§ **REQUIRED ACTION**
From the records below, transcribe only the lines running from the one with "Coronavirus chaos spares" through the one with "The criteria for". Keep both of those end lines.

§ **GIVEN INFORMATION**

################

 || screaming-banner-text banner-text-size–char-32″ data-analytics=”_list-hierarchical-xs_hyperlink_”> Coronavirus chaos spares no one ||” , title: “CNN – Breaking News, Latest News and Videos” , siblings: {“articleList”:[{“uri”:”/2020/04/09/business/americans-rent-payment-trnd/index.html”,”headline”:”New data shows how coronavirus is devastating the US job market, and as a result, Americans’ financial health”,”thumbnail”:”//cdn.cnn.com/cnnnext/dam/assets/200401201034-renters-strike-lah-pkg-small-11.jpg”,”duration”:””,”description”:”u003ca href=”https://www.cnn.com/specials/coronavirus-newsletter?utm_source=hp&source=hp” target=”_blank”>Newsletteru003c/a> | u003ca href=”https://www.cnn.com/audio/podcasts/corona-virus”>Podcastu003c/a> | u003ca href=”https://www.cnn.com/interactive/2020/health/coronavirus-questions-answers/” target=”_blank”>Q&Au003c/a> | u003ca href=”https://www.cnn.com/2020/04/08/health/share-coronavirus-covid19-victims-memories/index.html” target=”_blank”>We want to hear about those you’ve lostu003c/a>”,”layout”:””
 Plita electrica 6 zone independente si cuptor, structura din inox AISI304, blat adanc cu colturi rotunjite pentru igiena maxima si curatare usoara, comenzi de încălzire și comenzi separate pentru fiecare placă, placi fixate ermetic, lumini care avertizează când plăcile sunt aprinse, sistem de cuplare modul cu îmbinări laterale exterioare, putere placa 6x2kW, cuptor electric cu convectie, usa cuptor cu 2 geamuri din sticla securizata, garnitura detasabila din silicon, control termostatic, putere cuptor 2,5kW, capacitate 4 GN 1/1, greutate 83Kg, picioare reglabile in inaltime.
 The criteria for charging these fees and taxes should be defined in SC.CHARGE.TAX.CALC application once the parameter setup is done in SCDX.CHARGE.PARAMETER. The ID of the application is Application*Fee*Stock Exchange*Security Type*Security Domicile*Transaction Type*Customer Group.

################

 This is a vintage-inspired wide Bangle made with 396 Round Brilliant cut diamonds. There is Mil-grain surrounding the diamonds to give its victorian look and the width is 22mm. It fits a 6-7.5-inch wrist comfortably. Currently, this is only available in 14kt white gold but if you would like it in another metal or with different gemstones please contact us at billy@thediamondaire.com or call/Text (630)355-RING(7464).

################

§ **REPLY TO THE EXERCISE**
 || screaming-banner-text banner-text-size–char-32″ data-analytics=”_list-hierarchical-xs_hyperlink_”> Coronavirus chaos spares no one ||” , title: “CNN – Breaking News, Latest News and Videos” , siblings: {“articleList”:[{“uri”:”/2020/04/09/business/americans-rent-payment-trnd/index.html”,”headline”:”New data shows how coronavirus is devastating the US job market, and as a result, Americans’ financial health”,”thumbnail”:”//cdn.cnn.com/cnnnext/dam/assets/200401201034-renters-strike-lah-pkg-small-11.jpg”,”duration”:””,”description”:”u003ca href=”https://www.cnn.com/specials/coronavirus-newsletter?utm_source=hp&source=hp” target=”_blank”>Newsletteru003c/a> | u003ca href=”https://www.cnn.com/audio/podcasts/corona-virus”>Podcastu003c/a> | u003ca href=”https://www.cnn.com/interactive/2020/health/coronavirus-questions-answers/” target=”_blank”>Q&Au003c/a> | u003ca href=”https://www.cnn.com/2020/04/08/health/share-coronavirus-covid19-victims-memories/index.html” target=”_blank”>We want to hear about those you’ve lostu003c/a>”,”layout”:””
 Plita electrica 6 zone independente si cuptor, structura din inox AISI304, blat adanc cu colturi rotunjite pentru igiena maxima si curatare usoara, comenzi de încălzire și comenzi separate pentru fiecare placă, placi fixate ermetic, lumini care avertizează când plăcile sunt aprinse, sistem de cuplare modul cu îmbinări laterale exterioare, putere placa 6x2kW, cuptor electric cu convectie, usa cuptor cu 2 geamuri din sticla securizata, garnitura detasabila din silicon, control termostatic, putere cuptor 2,5kW, capacitate 4 GN 1/1, greutate 83Kg, picioare reglabile in inaltime.
 The criteria for charging these fees and taxes should be defined in SC.CHARGE.TAX.CALC application once the parameter setup is done in SCDX.CHARGE.PARAMETER. The ID of the application is Application*Fee*Stock Exchange*Security Type*Security Domicile*Transaction Type*Customer Group.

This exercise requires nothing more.